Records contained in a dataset
======

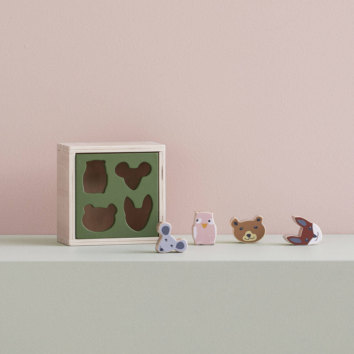 Max der Bär, Tor die Maus, Ed der Fuchs und Ola die Eule sind fertig und wartet darauf, in den Würfel gelegt zu werden. Der Formsortierwürfel fördert die Feinmotorik und Koordination. Sobald Ihr Kind alle Blöcke in den Würfel gelegt hat, können Sie einfach den Deckel öffnen und von vorne beginnen. Aus Sperrholz und Gummiholz.
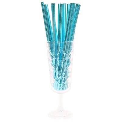 Pack of 20 blue foil paper straws, each measuring approx. 19.5cm in length.
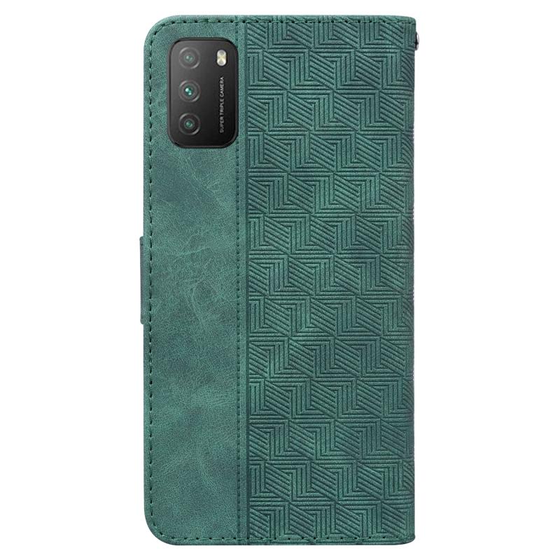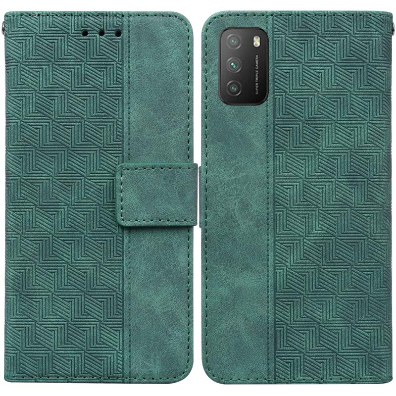 For Xiaomi Poco M3 / Redmi 9 Power Geometric Embossed Leather Phone Case(Green)
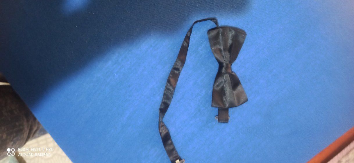 Siyah ve desensiz erkek papyon, modaya uygun ve yenilikçi bir tarz için idealdir.
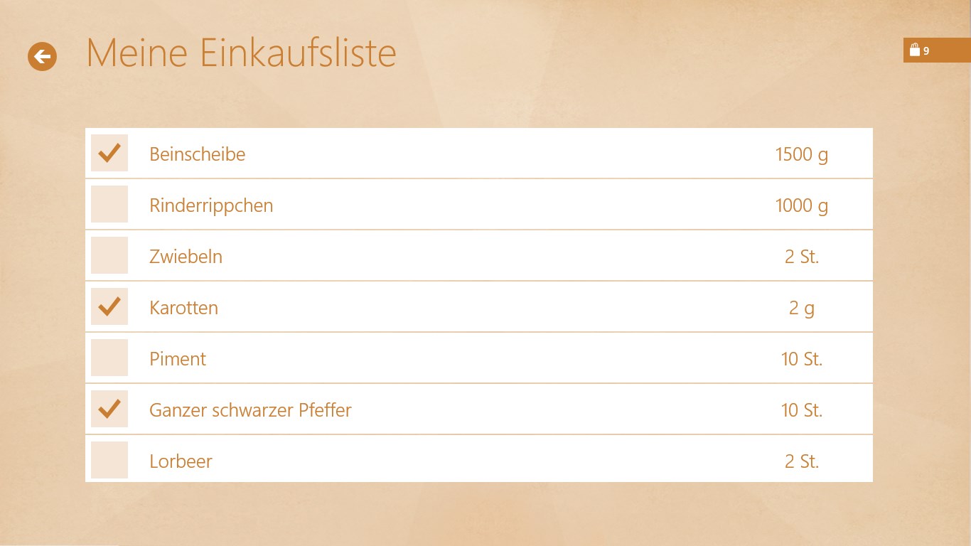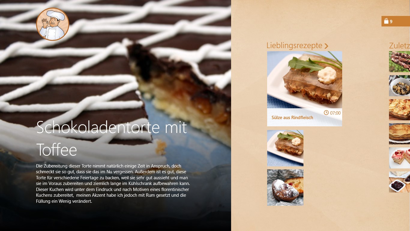 480 Rezepte aus vielen KategorienMit Zutatenliste und EinkaufszettelSchritt-für-Schritt-Anleitung für jedes RezeptJe ein Foto pro ArbeitsschrittAssistent zeigt Rezepte passend zum KühlschrankinhaltÜber 3.500 Fotos in der App verfügbarEine Liste mit Liblingsrezepten kann erstellt werdenKalorien pro Person und der ZeitbedarfTimer-Funktion
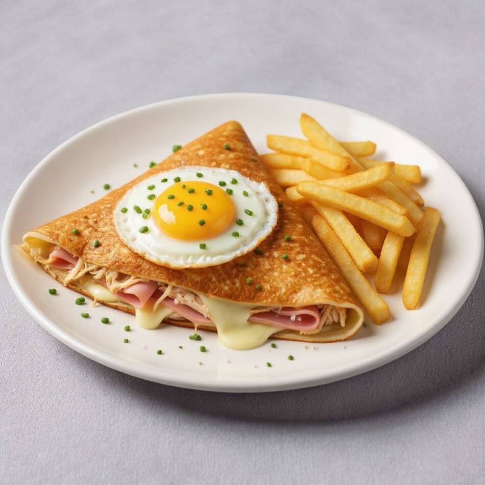 Sándwich en pan pullman con relleno de pollo, jamón, queso, huevo y acompañado de papas fritas.

======

Activity —
Each line from the one holding "480 Rezepte aus" through the last line of the records above must be duplicated exactly, and pictures must not be.

Your solution —
 480 Rezepte aus vielen KategorienMit Zutatenliste und EinkaufszettelSchritt-für-Schritt-Anleitung für jedes RezeptJe ein Foto pro ArbeitsschrittAssistent zeigt Rezepte passend zum KühlschrankinhaltÜber 3.500 Fotos in der App verfügbarEine Liste mit Liblingsrezepten kann erstellt werdenKalorien pro Person und der ZeitbedarfTimer-Funktion
 Sándwich en pan pullman con relleno de pollo, jamón, queso, huevo y acompañado de papas fritas.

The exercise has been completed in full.